Patient Rights and Responsibilities

Conditions of Admission and Authorization for Medical Treatment

Notice of Privacy Practices for Protected Health Information

Advance Directives

Living Will Declaration

Release of Information

Patient Bill of Rights

Insurance Information

Arkansas Surgical Hospital will gladly assist you in filing your insurance claim, provided the hospital has complete information (policy numbers and forms) at the time of admission. If you have visited our Emergency Services department, please remember to notify your insurance company. Your policy may not cover your visit if you do not call. Your insurance contract is between you and your insurance carrier; you have primary responsibility to the Arkansas Surgical Hospital for the amount of the bill.

Patients without insurance will be referred to Patient Financial Services for assistance with financial arrangements. Arrangements can also be made by calling 501.748.8000. Patient Financial Services assists patients or family members with questions or problems concerning the patient’s insurance coverage, payment options, and/or collection procedures. Any self-pay balance will be billed to you by Tiburon. Tiburon is a billing company, not a collection agency. If you have any questions when you receive your statements, please contact the number listed on the statement.

Arkansas Surgical Hospital will bill you for your visit, the supplies, drugs and tests that are ordered. When you have laboratory testing, X-rays or specialty consulting, you will also receive bills from those physicians. Please be aware that you will receive separate bills from the following sources:

Arkansas Surgical Hospital
Your private physician or surgeon
Radiologist (if applicable)
Anesthesiologist (if applicable)
Pathologist (if applicable)

In order for Arkansas Surgical Hospital to bill your insurance company directly, you will be asked to provide your insurance identification (I.D.) card. In the event of an emergency, the card should be presented as soon as possible following admission. You will also be asked to provide any claim or referral forms required by your insurance company.

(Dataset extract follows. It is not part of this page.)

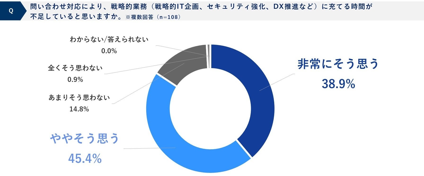 ・ 84.3%が「問い合わせ対応により戦略的業務の時間が不足」と感じている

Note: Failure to provide accurate, current insurance information and required referrals when you are admitted could result in penalties or a reduction of benefits by your insurance company.

Most insurance companies require pre-certification, or approval of admission before a scheduled hospital stay. It is the hospital’s policy to contact a patient’s insurance company to verify eligibility and benefits; however, it is your responsibility to ensure any pre-certification or pre-authorization is obtained prior to the scheduled procedure. Emergency admissions must be “pre-certified” by contacting your insurance company as soon as possible (usually within 24 hours).

Note: Failure on your part to pre-certify with your insurance company could result in a reduction of benefits, or in some instances, a denial of payment by your insurance company for your hospital stay.

Many insurance companies limit the number of days of hospitalization that they will cover, and may limit certain hospital services. Even if you have insurance, you may be responsible for payment of deductibles and co-insurances. Most insurance companies require the patient to notify them prior to the date of admission. Please contact your insurance company for complete information about your benefits and coverage.